I could see the usefulness of two product lines: (1) a web suite for web devlopers who need to do limited graphics work geared for the web that includes: Dreamweaver, Fireworks, Flash, etc. (2) a web suite for graphic intensive web design that includes: Dreamweaver, Photoshop, Flash, etc.
Worst case scenario? Well, since I own licenses for every version of Macromedia Studio since version 4…keep using Fireworks MX 2004!
Best case scenario? Adobe continues to develop Fireworks and does some feature blending between the Photoshop and Fireworks products, keeping in mind the target audience of the two products.
—Andrew
Having an audio background, I’ve been dismayed to see Audition marketed as a video tool rather than the most powerful pc audio application there is.
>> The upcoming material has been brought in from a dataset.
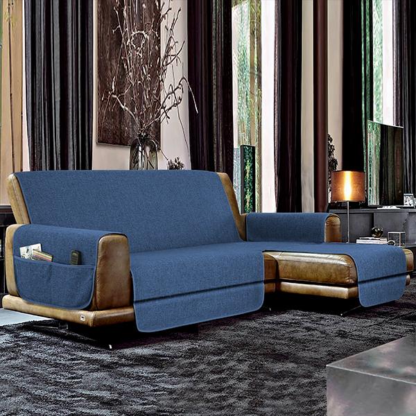 Copri divano, salva divano antiscivolo con penisola a DESTRA VISTA FRONTALMENTE. Tessuto 100% polyestere melange con trattamento antiscivolo sul retro (pvc + silicone stampato). Con due comode tasche portaoggetti sui braccioli.

Prior to that, their stratagy with pagemaker shows that it’s the percieved market placing that dictates policy rather than the strengths of the application.
On the ui comments ithink they have already sussed that and have gone part way in in design?
The merge will be perfect.
The thought of losing FW sends chills down my back.
Why can we have BOTH! They complement each other beautifully.
Viva la Fireworks!
Adobe had acquired Macromedia, if I have to guess, I bet happen: Fireworks always to be improved, because it’s better to keep a famous software in the market in future. And the accessibility of Adobe’s products also will be improved for web designers.
However, I think Fireworks 4 and Photoshop 7, these 2 softwares are usable enough for web designers.
i did a lot of work with fireworks…
;-(
the same story, there are no updates since 3 years for windows…
Godd app – good work!!
Liam
Yes, Fireworks is great for some things. I think Adobe will keep it like all other Macromedia products. Actually, there is no great competition between Adobe and Macromedia. Adobe’s earnings comes from Photoshop.
fireworks is great product.. hope they keep it. Im looking forward to see the newer version.